**Directions:** Please restate each line of the data below exactly. Omit all images.

**Provided data:**

*-*-*

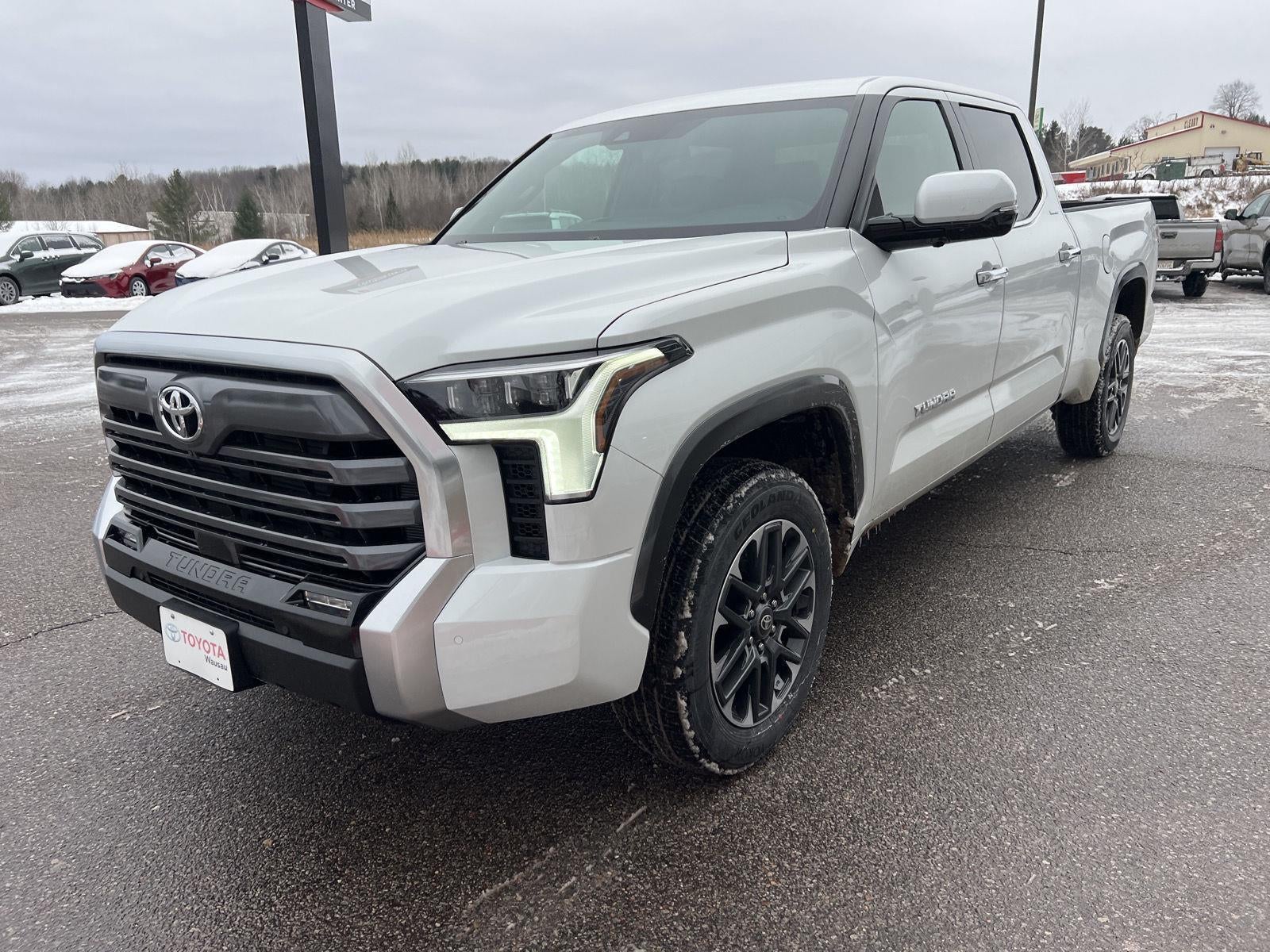The 2026 Toyota Tundra Limited is in stock at LeadCar Toyota Wausau. This CrewMax model features a turbocharged i-FORCE V6 engine, four wheel drive, and a range of premium packages including a towing package, panoramic view monitor, and wireless smartphone charging. The vehicle offers a comfortable interior with leather-trimmed seats, dual zone automatic climate control, and advanced safety features. Please reference the window sticker for more information about final vehicle configuration.
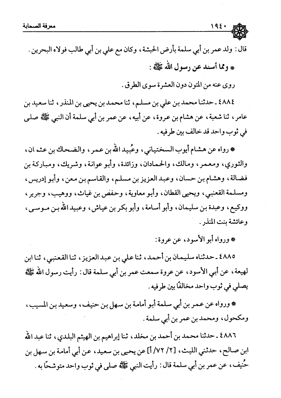 ٤٨٨٤ - وَمِمَّا أَسْنَدَ عَنْ رَسُولِ اللهِ صَلَّى اللَّهُ عَلَيْهِ وَسَلَّمَ: رَوَى عَنْهُ، مِنَ الْمُتُونِ دُونَ الْعَشَرَةِ سِوَى الطُّرُقِ حَدَّثَنَا مُحَمَّدُ بْنُ عَلِيِّ بْنِ مُسْلِمٍ، ثنا مُحَمَّدُ بْنُ يَحْيَى بْنِ الْمُنْذِرِ، ثنا سَعِيدُ بْنُ عَامِرٍ، ثنا شُعْبَةُ، عَنْ هِشَامِ بْنِ عُرْوَةَ، عَنْ أَبِيهِ، عَنْ عُمَرَ بْنِ أَبِي سَلَمَةَ، «أَنَّ النَّبِيَّ صَلَّى اللَّهُ عَلَيْهِ وَسَلَّمَ صَلَّى فِي ثَوْبٍ وَاحِدٍ قَدْ خَالَفَ بَيْنَ طَرَفَيْهِ» رَوَاهُ عَنْ هِشَامٍ أَيُّوبُ السَّخْتِيَانِيُّ، وَعُبَيْدُ اللهِ بْنُ عُمَرَ، وَالضَّحَّاكُ بْنُ عُثْمَانَ وَالثَّوْرِيُّ، وَمَعْمَرٌ، وَمَالِكٌ، وَالْحَمَّادَانِ، وَزَائِدَةُ، وَأَبُو عَوَانَةَ، وَشَرِيكٌ، وَمُبَارَكُ بْنُ فَضَالَةَ، وَهِشَامُ بْنُ حَسَّانَ، وَعَبْدُ الْعَزِيزِ بْنُ مُسْلِمٍ، وَالْقَاسِمُ بْنُ مَعْنٍ، وَأَبُو إِدْرِيسَ، وَمَسْلَمَةُ الْقَعْنَبِيُّ، وَيَحْيَى الْقَطَّانُ، وَأَبُو مُعَاوِيَةَ، وَحَفْصُ بْنُ غِيَاثٍ، وَوُهَيْبٌ، وَجَرِيرٌ، وَوَكِيعٌ، وَعَبْدَةُ بْنُ سُلَيْمَانَ، وَأَبُو أُسَامَةَ، وَأَبُو بَكْرِ بْنُ عَيَّاشٍ، وَعُبَيْدُ اللهِ بْنُ مُوسَى، وَعَائِشَةُ بِنْتُ الْمُنْذِرِ وَرَوَاهُ أَبُو الْأَسْوَدِ، عَنْ عُرْوَةَ
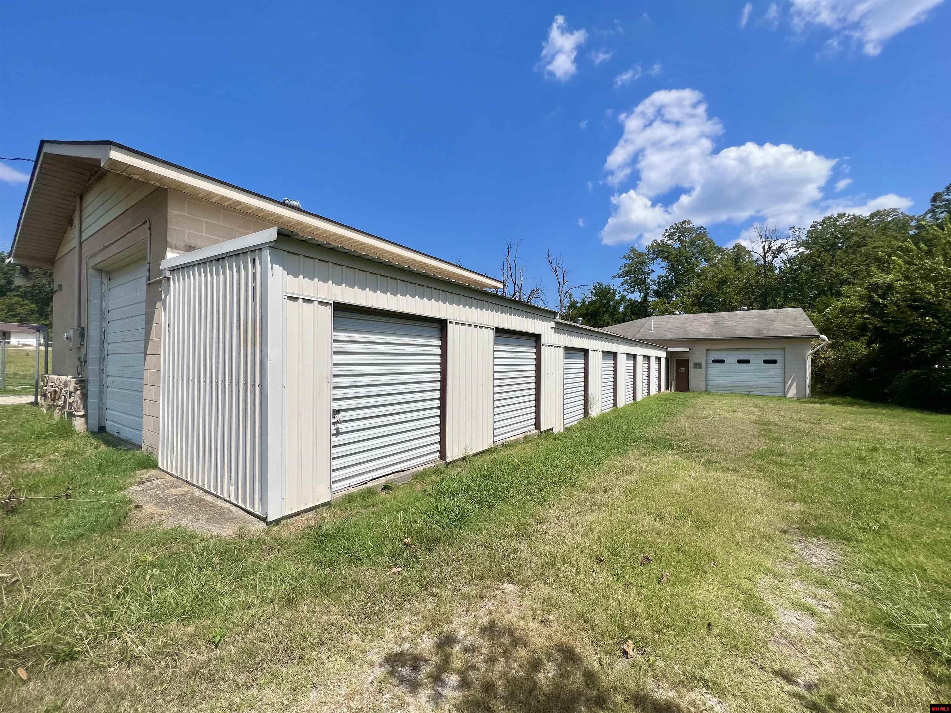 Take advantage of this versatile property located off the intersection of HWY 5 & HWY 178 between Bull Shoals and Norfork Lakes. Six 12x24 storage units, eight 10x20 storage units, two spacious attached shops each with a restroom and a large overhead door. The spacious front lot is partially fenced, ready for a gate installation, making it ideal for boat and RV storage. The property includes a small building with highway frontage that could be converted back into a home, used for extra storage, or used as a small commercial venture. This is a great investment property; you can't build for this price!

*-*-*

**Result for this exercise:**
The 2026 Toyota Tundra Limited is in stock at LeadCar Toyota Wausau. This CrewMax model features a turbocharged i-FORCE V6 engine, four wheel drive, and a range of premium packages including a towing package, panoramic view monitor, and wireless smartphone charging. The vehicle offers a comfortable interior with leather-trimmed seats, dual zone automatic climate control, and advanced safety features. Please reference the window sticker for more information about final vehicle configuration.
 ٤٨٨٤ - وَمِمَّا أَسْنَدَ عَنْ رَسُولِ اللهِ صَلَّى اللَّهُ عَلَيْهِ وَسَلَّمَ: رَوَى عَنْهُ، مِنَ الْمُتُونِ دُونَ الْعَشَرَةِ سِوَى الطُّرُقِ حَدَّثَنَا مُحَمَّدُ بْنُ عَلِيِّ بْنِ مُسْلِمٍ، ثنا مُحَمَّدُ بْنُ يَحْيَى بْنِ الْمُنْذِرِ، ثنا سَعِيدُ بْنُ عَامِرٍ، ثنا شُعْبَةُ، عَنْ هِشَامِ بْنِ عُرْوَةَ، عَنْ أَبِيهِ، عَنْ عُمَرَ بْنِ أَبِي سَلَمَةَ، «أَنَّ النَّبِيَّ صَلَّى اللَّهُ عَلَيْهِ وَسَلَّمَ صَلَّى فِي ثَوْبٍ وَاحِدٍ قَدْ خَالَفَ بَيْنَ طَرَفَيْهِ» رَوَاهُ عَنْ هِشَامٍ أَيُّوبُ السَّخْتِيَانِيُّ، وَعُبَيْدُ اللهِ بْنُ عُمَرَ، وَالضَّحَّاكُ بْنُ عُثْمَانَ وَالثَّوْرِيُّ، وَمَعْمَرٌ، وَمَالِكٌ، وَالْحَمَّادَانِ، وَزَائِدَةُ، وَأَبُو عَوَانَةَ، وَشَرِيكٌ، وَمُبَارَكُ بْنُ فَضَالَةَ، وَهِشَامُ بْنُ حَسَّانَ، وَعَبْدُ الْعَزِيزِ بْنُ مُسْلِمٍ، وَالْقَاسِمُ بْنُ مَعْنٍ، وَأَبُو إِدْرِيسَ، وَمَسْلَمَةُ الْقَعْنَبِيُّ، وَيَحْيَى الْقَطَّانُ، وَأَبُو مُعَاوِيَةَ، وَحَفْصُ بْنُ غِيَاثٍ، وَوُهَيْبٌ، وَجَرِيرٌ، وَوَكِيعٌ، وَعَبْدَةُ بْنُ سُلَيْمَانَ، وَأَبُو أُسَامَةَ، وَأَبُو بَكْرِ بْنُ عَيَّاشٍ، وَعُبَيْدُ اللهِ بْنُ مُوسَى، وَعَائِشَةُ بِنْتُ الْمُنْذِرِ وَرَوَاهُ أَبُو الْأَسْوَدِ، عَنْ عُرْوَةَ
 Take advantage of this versatile property located off the intersection of HWY 5 & HWY 178 between Bull Shoals and Norfork Lakes. Six 12x24 storage units, eight 10x20 storage units, two spacious attached shops each with a restroom and a large overhead door. The spacious front lot is partially fenced, ready for a gate installation, making it ideal for boat and RV storage. The property includes a small building with highway frontage that could be converted back into a home, used for extra storage, or used as a small commercial venture. This is a great investment property; you can't build for this price!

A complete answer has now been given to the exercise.